DO YOU REALLY LISTEN TO YOUR PATIENTS?
When people come to you in pain, what do you do? Do you sit there and ask them a litany of questions, writing them down without making any eye contact? Or do you just listen and hope that you remember everything later? Or do you do a bit of both?
Take yourself out of the picture and put yourself in your patient’s shoes.
Ego is big thing in health care. We have all seen it, whatever profession you are in. The ego is such a mind suck when it comes to treating patients one on one. Leave it on the table for crying out loud. The ego will never win my friends. It is too hungry and will never get satisfied.
But your soul will. Your ego should not make your business decisions. Your soul should.
Doing one on one work as we do, we develop a special bond with our patients. When I worked on Wall Street, I developed this same special relationship with my clients. Completely different professions but the principles are the same. It is called TRUST.
When you meet someone for the first time, take their history, perform the clinical evaluation etc., you are developing a relationship with that person. First impressions matter.
I once had a patient who told me that after telling her story to me, she felt so much better that she felt she did not need to come back. She was pain free. And all that took was just looking her in the eye and lending an ear. Is that hard?
As Physical Therapists, we all want to help people in our own way. Every patient is different and will have different needs. The person who just had an ACL repair will need something different than someone who has had chronic pelvic pain for 10 years. Right?
It is all about understanding the needs of the person who is sitting in front of you. And that takes listening and asking the right questions.
Ask the patient what they think is their problem. After all, it is their body. And trust me, if they have had chronic pain they will have a theory.
And if you ignore that theory or let your ego take over believing that they are wrong about what ails them, then you will miss an important part of the interaction and that is their belief system.

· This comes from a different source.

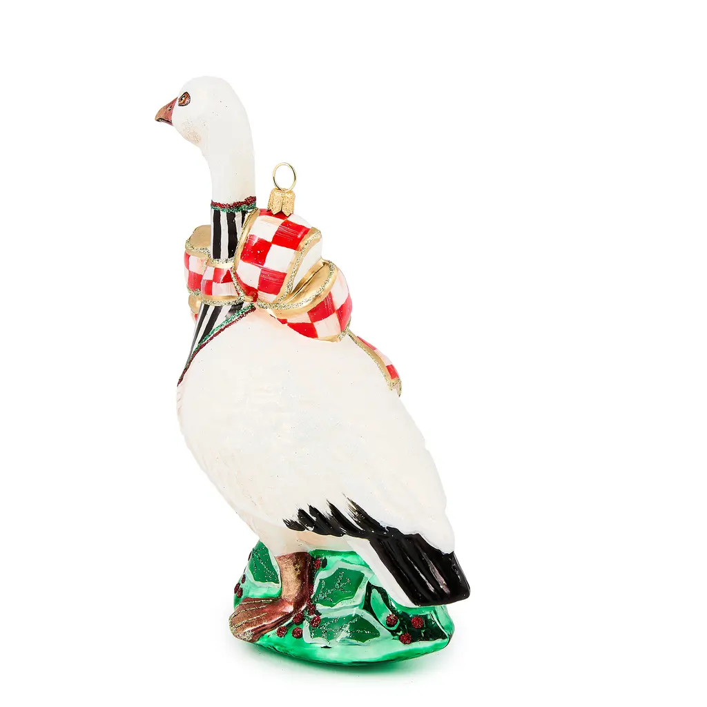 Add MacKenzie-Childs signature charm to your Christmas season with the Check It Out Goose Glass Ornament. This mouth-blown ornament features a festive foul adorned with a red check ribbon. The stunning collectible comes with an authentic brass logo charm, making it a wonderful gift or addition to your own Christmas tree.

If you listen long and hard you will be able to find a way into their system whether it is by validating or invalidating their belief.
Your patient is at the center of whatever model, puzzle, paradigm that you use in your clinical reasoning process. If they are not at the forefront of your decision making then you invariably make a conscious choice to step away from the HUMAN side of medicine and throw away the HEAL in HEAL-ing and the HEAL in HEAL-thcare.